▸ Exercise details
When copying the listing below, skip every picture and repeat exactly the lines from the first one through the line that contains "緩やかに谷間を登っていた道から少し急に登ったところで尾根を登る登山道と合流する。 −7− |".

■ ■ ■ ■ ■ ■ ■

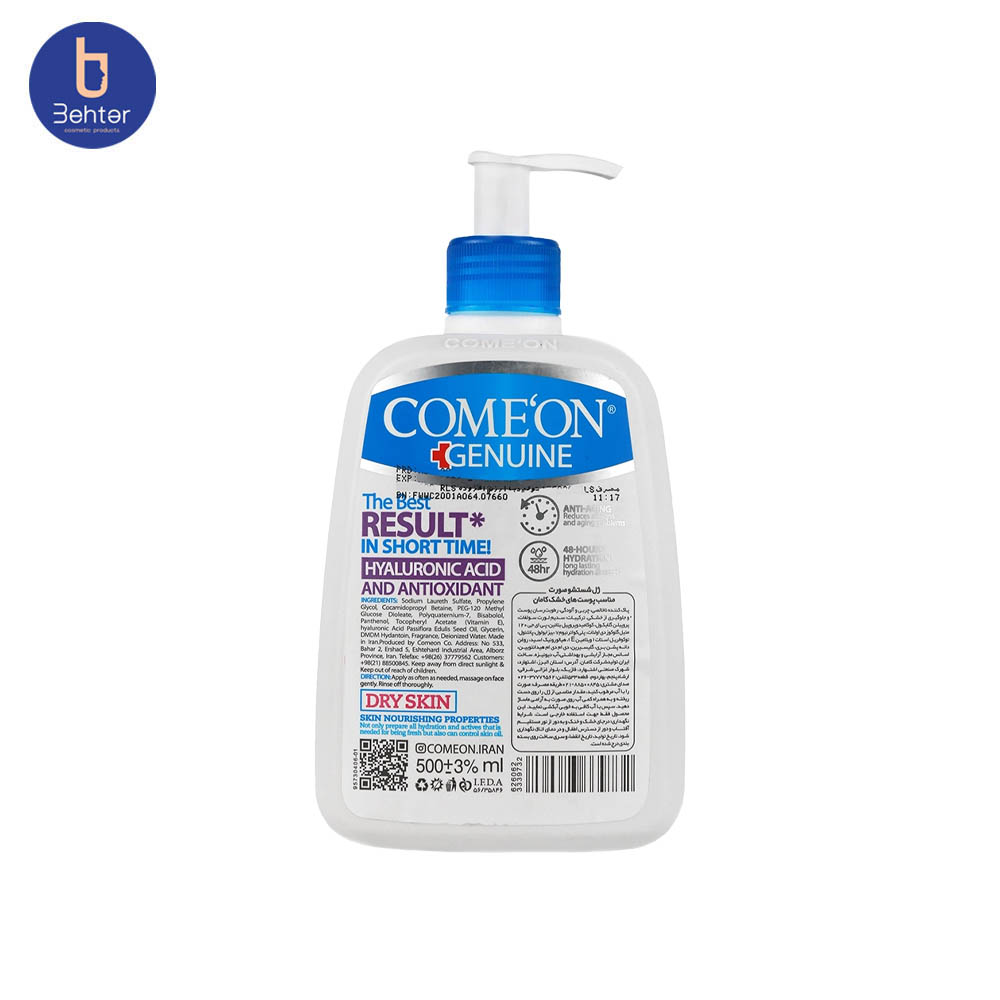 ژل شستشوی صورت کامان مخصوص پوست خشک حجم 500میل Comeon Face Wash For Dry Skin,500Ml
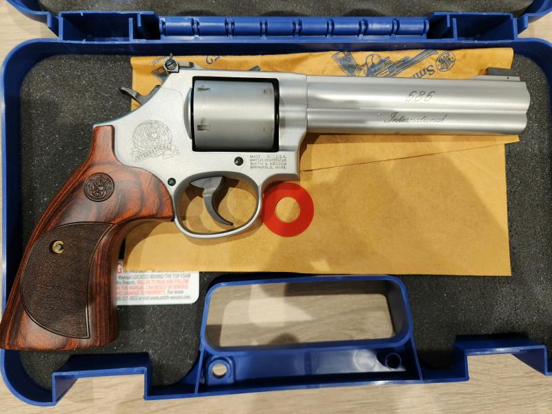 Vendo bonito revolver, para hacer hueco en el armero, Smith and Wesson 686 International, 6 pulgadas, como nuevo, muy pocos tiros, guiado en F, sin señales de uso apenas, lo vendo por 800 euros más gastos de envío, el revolver se encuentra en Cantabria.
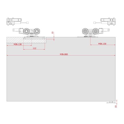 Guarnitura per porte scorrevoli con staffa automatica con innesto
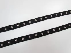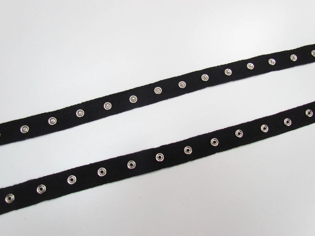 This press stuf trim is comprised of two pieces of cotton tape with one side of the press stud on each, when ordered, both sides of the tape are included. The tape measures approximately 20mm in width.
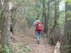 緩やかに谷間を登っていた道から少し急に登ったところで尾根を登る登山道と合流する。 −7− |
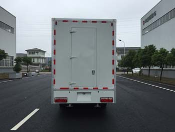 该车是进行宣传推广的专用车辆,左右后三侧均可选装LED屏,选装LED屏时整备质量4360kg,前后部选装百叶窗,屏外可选装防护玻璃,左右两侧均可选装卷轴装置或广告灯箱,选装两侧打开车厢时,整备质量4060kg;随底盘选装前面罩以及前雾灯,新造型前面罩;防护为整体裙边结构,后裙边下缘离地高度为380mm;ABS厂家及型号:襄阳东风隆诚机械有限责任公司/ABS/ASR-24V-4S/4M。 |
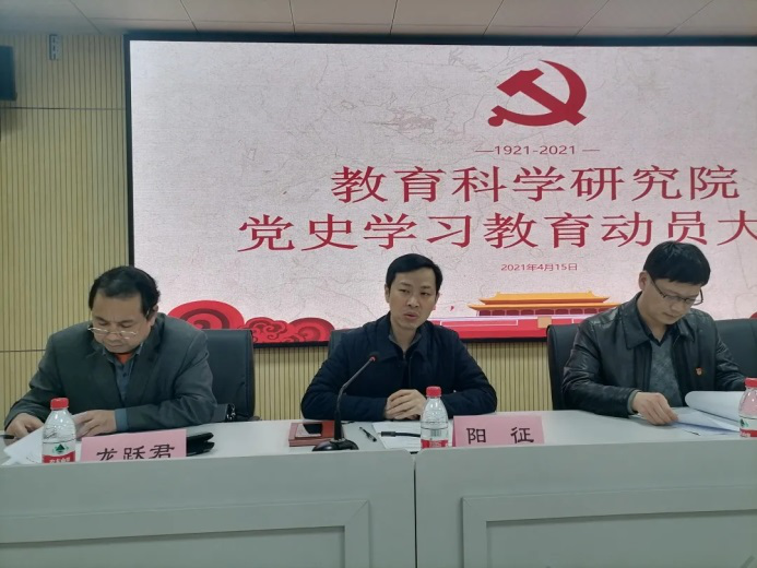 会议由院长余小波主持,党总支书记阳征做党史学习教育动员讲话,组织员龙跃君介绍党史学习教育实施方案。
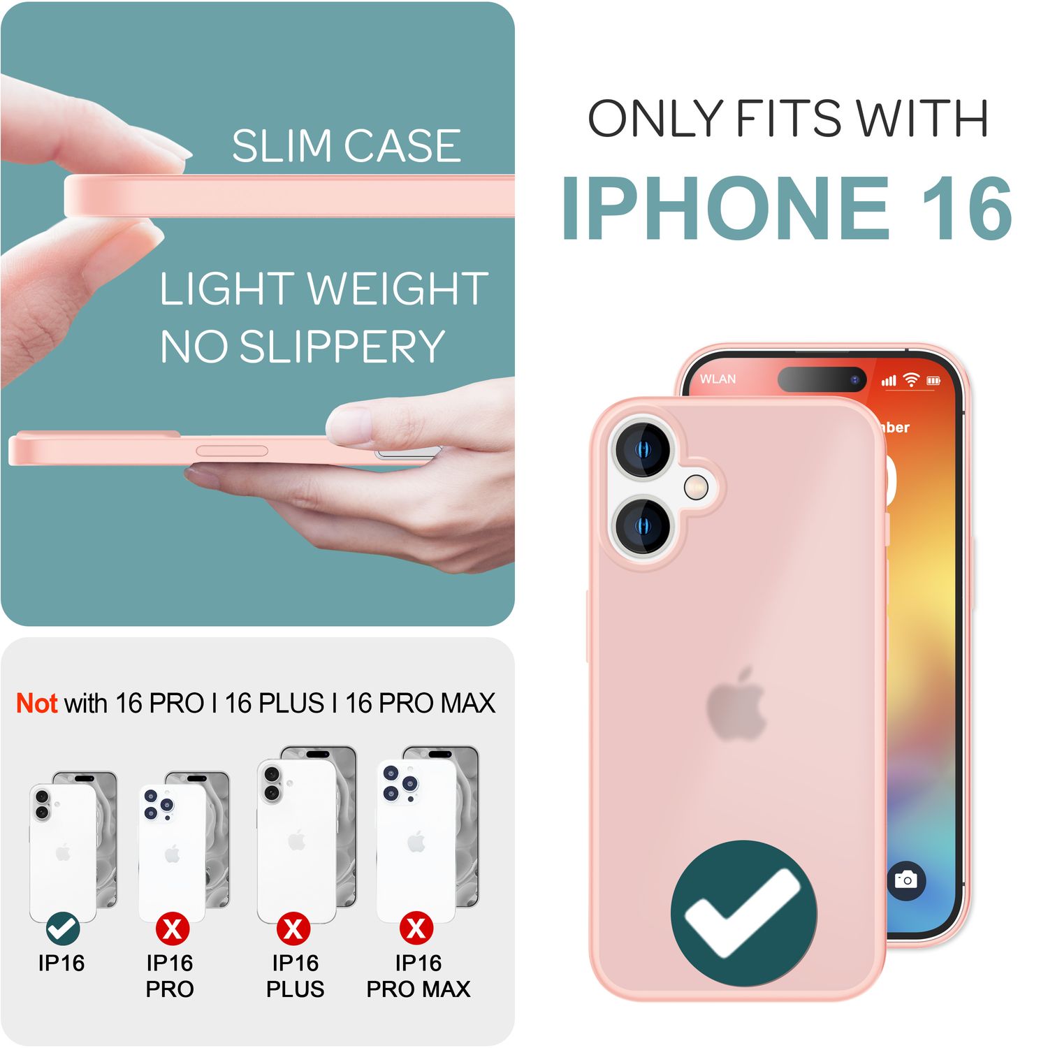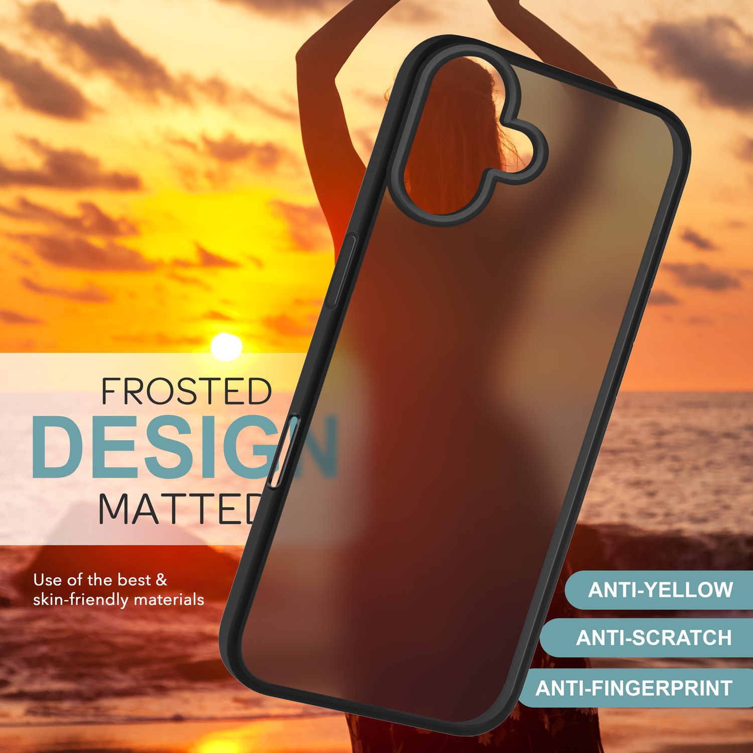 NALIA Matte Hybrid Case for iPhone 16, Anti-Fingerprint Acrylic Back & Silicone Edge, Semi-Transparent

■ ■ ■ ■ ■ ■ ■

▸ Problem solution
 ژل شستشوی صورت کامان مخصوص پوست خشک حجم 500میل Comeon Face Wash For Dry Skin,500Ml
 Vendo bonito revolver, para hacer hueco en el armero, Smith and Wesson 686 International, 6 pulgadas, como nuevo, muy pocos tiros, guiado en F, sin señales de uso apenas, lo vendo por 800 euros más gastos de envío, el revolver se encuentra en Cantabria.
 Guarnitura per porte scorrevoli con staffa automatica con innesto
 This press stuf trim is comprised of two pieces of cotton tape with one side of the press stud on each, when ordered, both sides of the tape are included. The tape measures approximately 20mm in width.
 緩やかに谷間を登っていた道から少し急に登ったところで尾根を登る登山道と合流する。 −7− |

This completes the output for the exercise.